There have been three versions of George Taylor Richardson Memorial Stadium, a Canadian football stadium located on the campus of the Queen's University in Kingston, Ontario. All three have been the home of the Golden Gaels/Gaels football team. The facilities are named in memory of George Taylor Richardson, a Queen's graduate renowned for his athleticism and sportsmanship who died in the First World War. 

The original stadium built in 1921 was funded by George's brother, James Armstrong Richardson, graduate and Chancellor of Queen's. 

The second stadium was built in 1971. The stadium's bleachers (which recycled steel from the first facility) were deemed structurally unsafe in May 2013, causing 6,500 seats to be removed. Renovations were completed in July 2013, with a new seat capacity of 8,500 with two new end zone seating sections. 

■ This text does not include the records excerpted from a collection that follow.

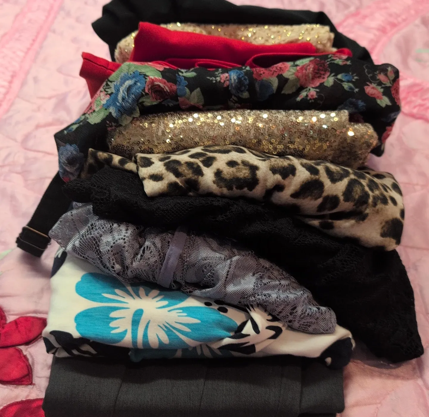 A collection of various women's apparel including tops and pants. Items feature different patterns and textures like floral, leopard print, sequins, and lace. Includes solid colours like black and red, as well as patterned designs. This bundle offers versatile options for different occasions.
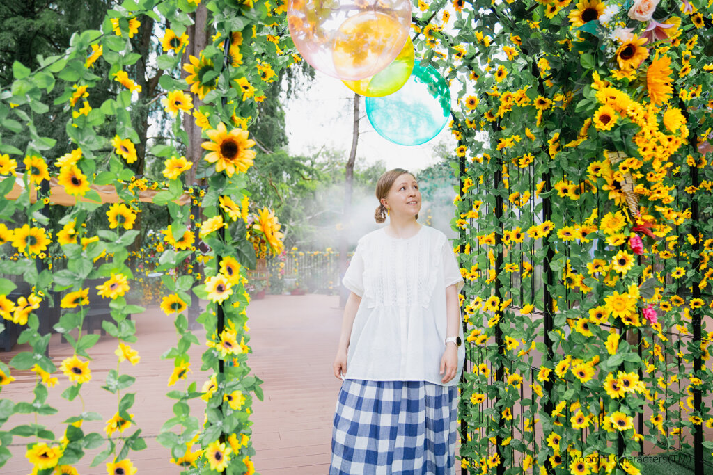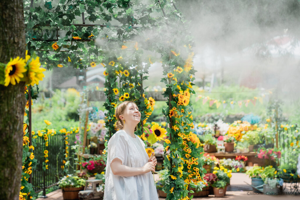 新コンテンツ「リトルミイのひまわりミストテラス」は、自身を包み込むような“ひまわり”と、モクモクと噴霧される“ミスト”のコラボレーションが楽しめます。
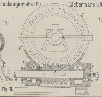 Das Schneckenrad wird von einem zweitheiligen Gehäuse C eingeschlossen, dessen unterer Theil auch die

In December 2014, a $20.27 million revitalization was announced that was completed for September 17, 2016 for its inaugural football game. According to the university the facility has "over 8,000" seats, but no specific number is provided by the institution.

History

Original field (1921–1971)

The original field was located on Union Street at the present site of Mackintosh-Corry Hall and its parking lot. It was opened in 1921 on a piece of land bought from a community of nuns. This field hosted the 1922 Grey Cup, where the Golden Gaels defeated the Edmonton Elks 13–1, for their first of three Grey Cups. The official attendance was listed at 4,700. According to Michael Januska's book, Grey Cup Century there were more spectators on hand than the original grandstand could accommodate. "The 10th Grey Cup was the only final played in Kingston, Ontario. The stands at Richardson Stadium were filled to capacity, just under 5,000, with the overflow standing around the field." - Grey Cup Century, pg. 46Franklin Delano Roosevelt received his honorary degree from Queen's on August 18, 1938 at Richardson, where he made a historic speech that was seen as a departure from American isolationism.

Second stadium (1971–2016) 

When a new social sciences complex, Mackintosh-Corry Hall was planned, the original stadium was torn down and relocated to the newly acquired West Campus. Many staff, students, and alumni were very upset about the move, feeling that the stadium belonged in the heart of campus, but the project went ahead anyway and the stadium was built on West Campus in 1971.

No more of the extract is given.